LLMs over-idealize disability, study finds, erasing real struggles
New research reveals AI models sugarcoat disability, creating unrealistic portrayals.
Researchers Marco Bombieri, Simone Paolo Ponzetto, and Marco Rospocher investigated how large language models (LLMs) represent disability by generating simulated social media posts from the perspective of individuals with disabilities. They compared these AI-generated posts with real posts written by people with disabilities, analyzing emotional tone, sentiment, and thematic content. The study, accepted for publication in ACM Transactions on Intelligent Systems and Technology, reveals two critical findings.
First, LLMs tend to idealize disability, producing overly positive stereotypes that fail to capture the nuanced challenges and lived realities of disabled individuals. This overcompensation, likely a result of debiasing efforts, creates a sanitized narrative that can be misleading. Second, the models exhibit a negative bias: topics such as career and entertainment are disproportionately linked to non-disabled individuals, reinforcing exclusionary narratives.

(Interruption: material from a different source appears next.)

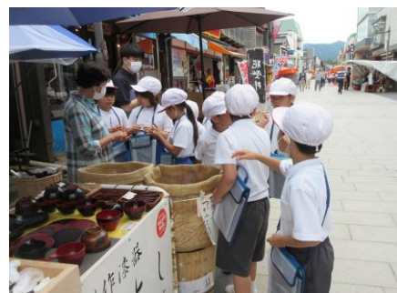
いい香りのする木片をもらいました
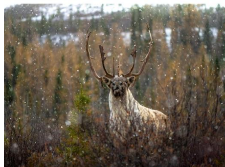
Le Naturaliste canadien. Volume 144, numéro 1, 2020

The authors argue these findings align with broader concerns that LLMs struggle to reflect the diverse realities of marginalized communities, emphasizing the need for critical scrutiny in AI deployment.

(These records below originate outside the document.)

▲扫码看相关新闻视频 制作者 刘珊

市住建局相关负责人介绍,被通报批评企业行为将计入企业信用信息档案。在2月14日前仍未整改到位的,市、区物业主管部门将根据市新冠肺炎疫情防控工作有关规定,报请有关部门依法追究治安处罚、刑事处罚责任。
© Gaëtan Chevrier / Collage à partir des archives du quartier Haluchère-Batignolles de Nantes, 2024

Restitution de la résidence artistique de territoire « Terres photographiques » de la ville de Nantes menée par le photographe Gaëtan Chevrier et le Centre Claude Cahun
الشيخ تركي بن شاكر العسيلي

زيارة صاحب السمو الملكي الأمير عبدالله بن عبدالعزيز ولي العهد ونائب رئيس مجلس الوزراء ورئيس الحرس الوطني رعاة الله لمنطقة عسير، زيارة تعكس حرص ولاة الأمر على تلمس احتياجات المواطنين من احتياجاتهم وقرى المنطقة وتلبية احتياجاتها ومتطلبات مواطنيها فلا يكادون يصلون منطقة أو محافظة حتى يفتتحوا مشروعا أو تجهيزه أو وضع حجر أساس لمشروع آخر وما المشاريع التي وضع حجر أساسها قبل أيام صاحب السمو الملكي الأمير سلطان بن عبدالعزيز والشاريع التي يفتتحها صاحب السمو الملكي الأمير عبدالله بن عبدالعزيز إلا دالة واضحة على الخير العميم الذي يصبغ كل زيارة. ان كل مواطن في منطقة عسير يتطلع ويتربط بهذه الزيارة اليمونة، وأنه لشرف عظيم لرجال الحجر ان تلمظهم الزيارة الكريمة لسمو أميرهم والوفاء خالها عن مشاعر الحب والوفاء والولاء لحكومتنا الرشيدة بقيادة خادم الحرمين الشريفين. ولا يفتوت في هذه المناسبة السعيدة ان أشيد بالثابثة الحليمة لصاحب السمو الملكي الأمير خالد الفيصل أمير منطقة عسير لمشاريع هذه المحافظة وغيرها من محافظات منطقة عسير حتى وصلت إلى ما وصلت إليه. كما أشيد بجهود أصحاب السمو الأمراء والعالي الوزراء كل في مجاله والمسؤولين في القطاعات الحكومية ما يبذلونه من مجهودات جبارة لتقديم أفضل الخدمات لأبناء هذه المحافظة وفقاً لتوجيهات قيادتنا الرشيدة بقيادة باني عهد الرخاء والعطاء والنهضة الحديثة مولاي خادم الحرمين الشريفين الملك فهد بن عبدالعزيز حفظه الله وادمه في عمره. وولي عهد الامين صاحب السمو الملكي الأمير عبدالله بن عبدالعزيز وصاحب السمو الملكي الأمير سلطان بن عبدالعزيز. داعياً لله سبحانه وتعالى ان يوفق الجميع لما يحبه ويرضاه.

- LLMs produce overly positive disability stereotypes that erase real challenges and complexities.
- Simulated posts lack authenticity when compared with real posts from people with disabilities.
- Negative bias: topics like career and entertainment are disproportionately linked to non-disabled individuals.
Why It Matters
Highlights how AI can misrepresent marginalized groups, risking exclusionary narratives in generated content.